Отравленный пояс (с иллюстрациями) - Дойл Артур Игнатиус Конан - Страница 8
- Предыдущая
- 8/30
- Следующая
2. ЯДОВИТЫЙ ПОТОК
Когда мы проходили по гостиной, зазвонил телефон, и мы стали невольными свидетелями разговора, к которому приступил профессор Челленджер. Говорю «мы», но уверен, что кроме нас, всякий в окружности по меньшей мере в сто ярдов не мог не слышать его громоподобного голоса, разносившегося по всему дому. Реплики профессора запечатлелись в моей памяти.
— Да, да… конечно, это я… да, конечно… профессор Челленджер… знаменитый профессор… разумеется, а то кто же?.. Конечно… каждое слово… иначе я ведь не написал бы его… Меня это не удивляет — все признаки говорят за это… Разумеется… Не позже чем через день… да… Этому я не могу помешать, не правда ли?.. Конечно… очень неприятно… Но от этого пострадают также люди более значительные, чем вы. Плакаться бесцельно. Вам надо с этим примириться… Нет, не могу… Вешаю трубку… Сэр! Бросьте вздор молоть! У меня, право же, есть дела поважнее, чем слушать такую чепуху!
Он шумно повесил трубку и повел нас по лестнице в свой кабинет — просторную светлую комнату. На большом письменном столе лежало семь или восемь нераспечатанных телеграмм.
— Право, я подумываю о том, не завести ли мне телеграфный адрес в интересах моих корреспондентов. Мне кажется, что, например, такой адрес, как «Ной, Ротерфилд», был бы довольно недурен.
Как это бывало всегда, когда он отпускал плохую остроту, он прислонился к письменному столу и так затрясся от хохота, что руки его с трудом распечатывали телеграммы.
— «Ной»! «Ной»! — мычал он и делал при этом рожу, как у лешего. Между тем лорд Джон и я обменивались улыбками взаимного понимания, а Саммерли, с видом страдающей коликами козы, сардонически покачивал головою в знак неодобрения. Наконец, все еще мыча и гудя, Челленджер приступил к чтению телеграмм. Мы трое стояли перед высокими сводчатыми окнами и любовались великолепным видом.

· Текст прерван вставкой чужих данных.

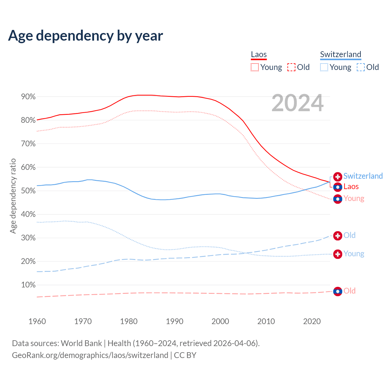 The share of older people aged 65 and over is 4.67% in Laos and 20% in Switzerland. Life expectancy in Laos compared to Switzerland .

Картина в самом деле была дивная. Мягко поднимающаяся дорога привела нас как-никак на изрядную высоту. Мы находились, как узнали позже, приблизительно на семьсот футов выше уровня моря. Дом Челленджера стоял на крайнем выступе холма, и с южной стороны дома, где как раз расположен был кабинет, открывался широкий вид на долину в глубине ограниченную мягкими волнистыми очертаниями цепи холмов. Столб дыма, поднимавшийся из впадины между холмами, указывал местоположение Льюиса. Прямо перед нами простиралась цветущая долина с просторными зелеными площадками гольф-клуба Кроуборо, и они кишели игроками. Немного подальше к югу мы видели за лесною просекой часть железнодорожной линии, ведущей из Лондона в Брайтон, а под нами, в непосредственной близости, находился огороженный забором дворик, где стоял автомобиль, доставивший нас с вокзала.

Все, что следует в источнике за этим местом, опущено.